Hector Santos wrote:

Peter Olcott wrote:

I have an application that uses enormous amounts of RAM in a
very memory bandwidth intensive way. I recently upgraded my
hardware to a machine with 600% faster RAM and 32-fold more
L3 cache. This L3 cache is also twice as fast as the prior
machines cache. When I benchmarked my application across the
two machines, I gained an 800% improvement in wall clock
time. The new machines CPU is only 11% faster than the prior
machine. Both processes were tested on a single CPU.

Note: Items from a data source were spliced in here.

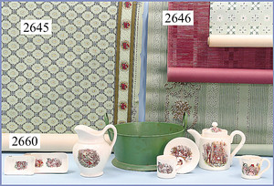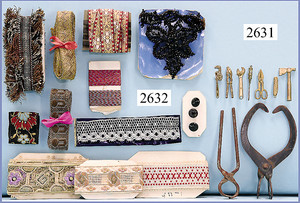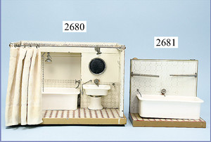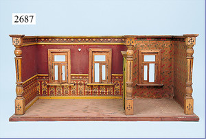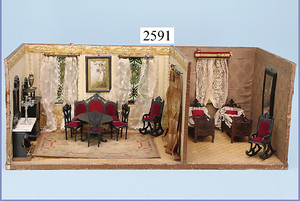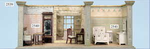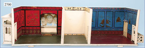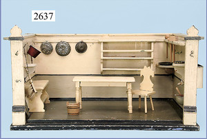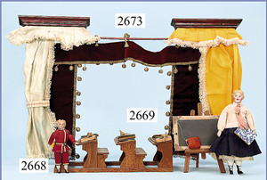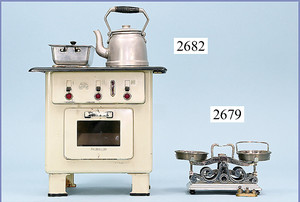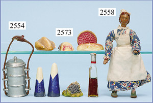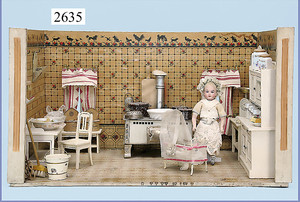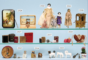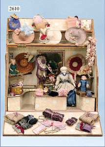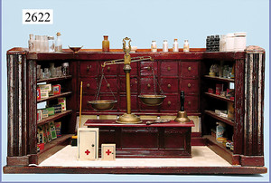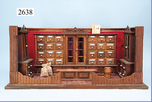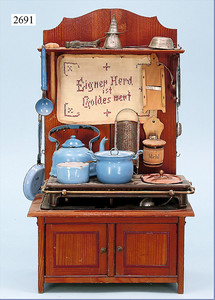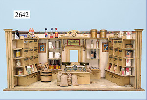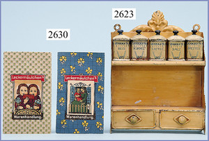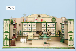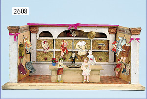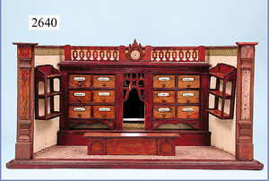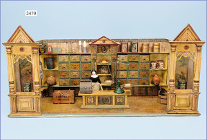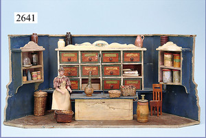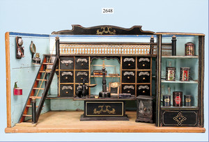 Kaufladen, ca. 1890, 87 cm breit, 43 cm hoch, seitl. Schaufenster, Orig.-Theke, Schubladen mit buntem lithogr. Papier beklebt, Orig.-Tapete an Wand u. Boden, teilw. ausgebessert, mit Zubehör, lithogr. Blechdosen, Holzteile, Flaschenhalter, Waage, Kasse, Weißblech, Verkäuferin, glasierte Biskuit-Porzellan -Arme u. -Beine, Stoffkörper, altes Kleid
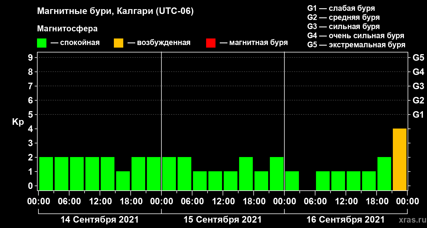 Изменения геомагнитного индекса Kp с 14 по 16 сентября 2021 года для средних широт
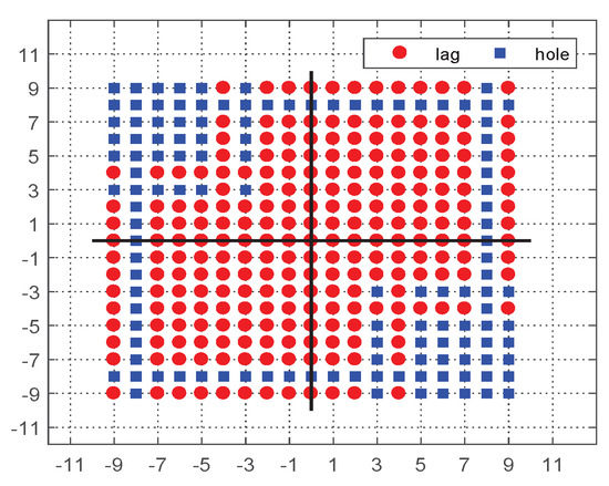 Since the optimization problems (22) and (23) are convex, we can solve them directly by employing the interior point method [28]. Then, we can obtain the estimated optimal covariance matrices and corresponding to and . Subsequently, we extract the elements and , filling the holes at positions and in matrix . Similarly, we use and to fill the holes of matrix at positions and . After the above interpolation operation, we can initialize the matrix to obtain a matrix that does not contain the missing elements of the entire rows and columns. In addition, we demonstrate the structure of the virtual signal position set corresponding to , as shown in Figure 3.
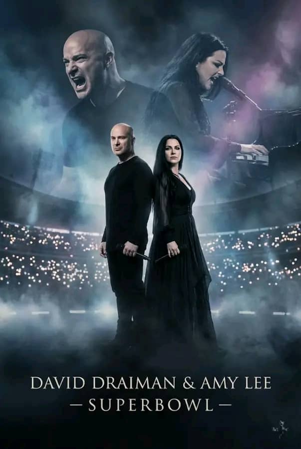 The Super Bowl, known globally for its exhilarating football action, has also become a cultural phenomenon, especially for its halftime performances. Past shows have featured some of the biggest names in music, but this year’s edition promises to eclipse all expectations. David Draiman, the commanding voice behind Disturbed, and Amy Lee, the hauntingly beautiful singer of Evanescence, have long been admired for their powerful vocals, emotional depth, and genre-defining sounds. Their collaboration represents a perfect convergence of rock’s raw intensity with gothic elegance—a union that fans have dreamed of for years.
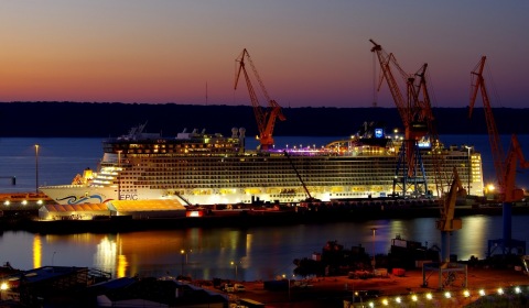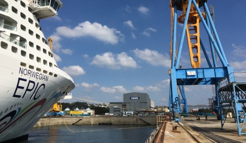 12 October 2015 On Sunday, 27 September, Norwegian Cruise Line’s cruise vessel, Norwegian Epic, entered Damen Shiprepair Brest for a scheduled refit and maintenance programme. The vessel will remain in Brest’s largest drydock until 18 October. The yard, besides executing the repair and maintenance works, provides all necessary logistic services to Norwegian Cruise Line’s arranged contractors. “This isn’t just another mega-class cruise ship”, explains Robert Diepenbroek, Managing Director at Damen Shiprepair Brest. Norwegian Epic is cruising reimagined with innovations never before seen at sea. Being today’s fifth largest cruise vessel, the ship is a floating hotel with all related facilities, including bars, restaurants, theatres, casinos, swimming pools, etc. In order to improve the general services demanded of this cruise vessel project, the management of Damen Shiprepair Brest has, together with the local government body ‘La Chambre de Commerce et d’Industriel’ (CCI), decided to implement a number of upgrades to the yard to make it dedicated for cruise vessel retrofits. Amongst other things, the following main investments have been made: • The installation of a new fire and cooling water supply system. This system will be able to supply up to 800 m3 per hour and can be adjusted by a variable flow control to suit different vessels’ needs • An upgrade of the black and grey water disposal. The installation of a sewage system with buffer tanks and pumps (with peak flows up to 60 m3 per hour and a daily discharge of 300-400 m3), connected via pipelines to the facilities sewage treatment plant, will assist during modifications to the cruise vessel on-board system • Owner’s subcontractor storage areas and workshops. Dedicated storage and workshop areas for owner’s arranged subcontractors and specialists have been made around the yard’s large drydock no 3 • Damen has obtained the support of the terminal operator adjacent to the yard for unloading, temporary storage and loading of containers required for cruise projects. With the above mentioned upgrades, Damen Shiprepair Brest is ready for the cruise industry, and, being located as the closest yard to Southampton, the transit time is minimal and therefore shortens the cruise drydock project turn-around significantly. This is of great importance in an industry where time constraints are always a factor for consideration. For further information on this and other examples of Damen’s Cruise Vessel Services, please visit: cruise.damenshiprepair.com Cruise vessel Norwegian Epic arrived on 27 September 2015 at Damen Shiprepair Brest. The vessel will be in our biggest dry dock for three weeks for a scheduled refit and maintenance program. Video by Damen Shipyards Group Damen Shipyards Group press release |
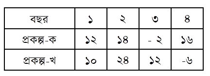 জনাব জানে আলম প্রকল্পে বিনিয়োগ করতে ইচ্ছুক। তিনি দুইটি প্রকল্প থেকে যেকোনো একটি প্রকল্পে বিনিয়োগ করার সিদ্ধান্ত নিবেন। প্রকল্প দুইটির তথ্য নিম্নরূপ:
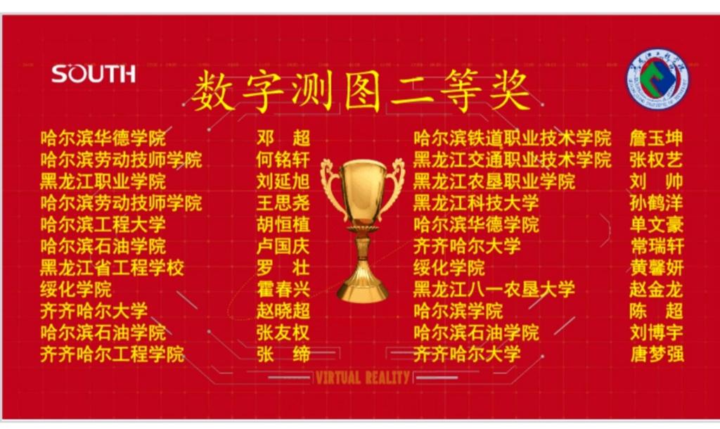 6月18-19日,“南方測繪杯”第三屆黑龍江省大學生虛擬仿真測繪技能大賽決賽圓滿結束,經過認真備賽和激烈比拼,在鄧琳、屈恩相和劉爽三位老師指導下,我校建筑與土木工程學院趙曉超、常瑞軒、唐夢強等三名同學獲得了“數字測圖”二等獎,成思維同學獲得“二等水準”二等獎,我校代表隊榮獲了“團體二等獎”。

I am thinking that all of the above would tend to show that
my process is very memory bandwidth intensive, and thus
could not benefit from multiple threads on the same machine
because the bottleneck is memory bandwidth rather than CPU
cycles. Is this analysis correct?

As stated numerous times, your thinking is wrong. But I don't fault you
because you don't have the experience here, but you should not be
ignoring what EXPERTS are telling you - especially if you never written
multi-threaded applications.

Attached C/C++ simulation (testpeter2t.cpp) illustrates how your single
main thread process with a HUGE redundant memory access requirement is
not optimized for a multi-core/processor machine and for any kind of
scalability and performance efficiency.

Compile the attach application.

TestPeter2T.CPP will allow you to test:

  Test #1 - a single main thread process
  Test #2 - a multi-threads (2) process.

To run the single thread process, just run the EXE with no switches:

Here is TEST #1

V:\wc5beta> testpeter2t

- size : 357913941
- memory : 1431655764 (1398101K)
- repeat : 10
---------------------------------------
Time: 12297 | Elapsed: 0 | Len: 0
---------------------------------------
Total Client Time: 12297

The source code is set to allocate DWORD array with a total memory block
of 1.4 GB. I have a 2GB XP Dual Core Intel box. It should 50% CPU.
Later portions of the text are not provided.